The results of the initial TTE will guide the subsequent diagnostic and management pathway. The workflow branches based on whether the findings are positive, negative, or equivocal for hypertrophic cardiomyopathy.

If the Echocardiogram is Positive for HCM
A study demonstrating unexplained asymmetric septal hypertrophy (typically defined as wall thickness ≥15 mm in the absence of other causes), with or without LVOT obstruction, supports the diagnosis of HCM. The downstream workflow includes:

  • Comprehensive Risk Stratification: This often involves a cardiac MRI to quantify the extent of late gadolinium enhancement (fibrosis), which is a powerful predictor of arrhythmic risk. An ambulatory ECG monitor is also essential to screen for non-sustained ventricular tachycardia.
  • Genetic Counseling and Testing: Patients should be referred for genetic counseling to discuss the implications for themselves and their family members. Cascade screening of first-degree relatives is recommended.
  • Medical Management: Initiation of beta-blockers or calcium channel blockers for symptomatic patients, particularly those with LVOT obstruction.

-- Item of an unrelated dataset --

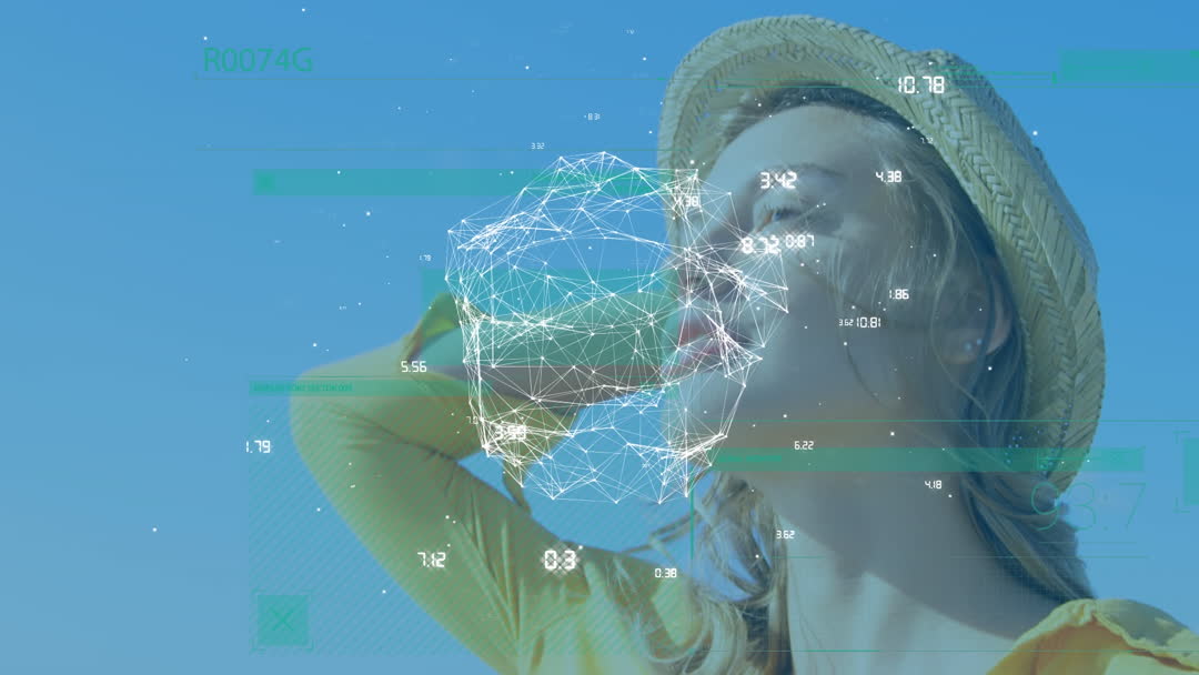 Illustration of a businesswoman with digital data and globe showcasing concepts of global connectivity and advanced communication technology. Great for use in technology, global communications, and digital networking promotions, as well as educational contexts involving tech illustration.
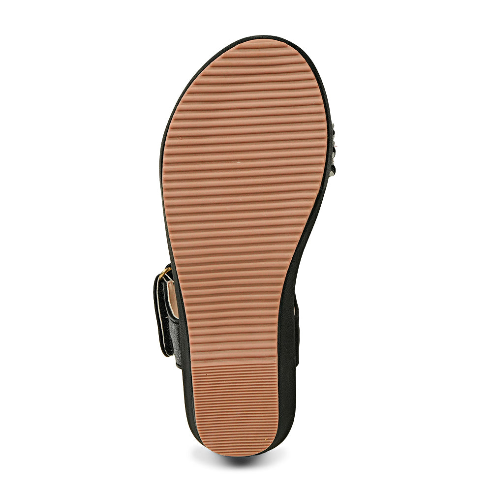STYLE TIPS: These versatile girls' black wedge sandals are a must-have for any young fashionista's wardrobe. For a classic look, pair them with a bright floral sundress or a cute skirt for birthday parties and family gatherings. For a more relaxed, everyday style, they look great with denim shorts or leggings.

If the Echocardiogram is Negative or Normal
In a patient with a low pre-test probability, a completely normal TTE makes HCM highly unlikely. Alternative causes for the patient’s symptoms should be investigated. In a patient with a high clinical suspicion (e.g., strong family history), a normal TTE may not be sufficient to rule out the disease, as some genetic variants have low penetrance or late onset. In these cases, cardiac MRI may be considered to leverage its higher spatial resolution.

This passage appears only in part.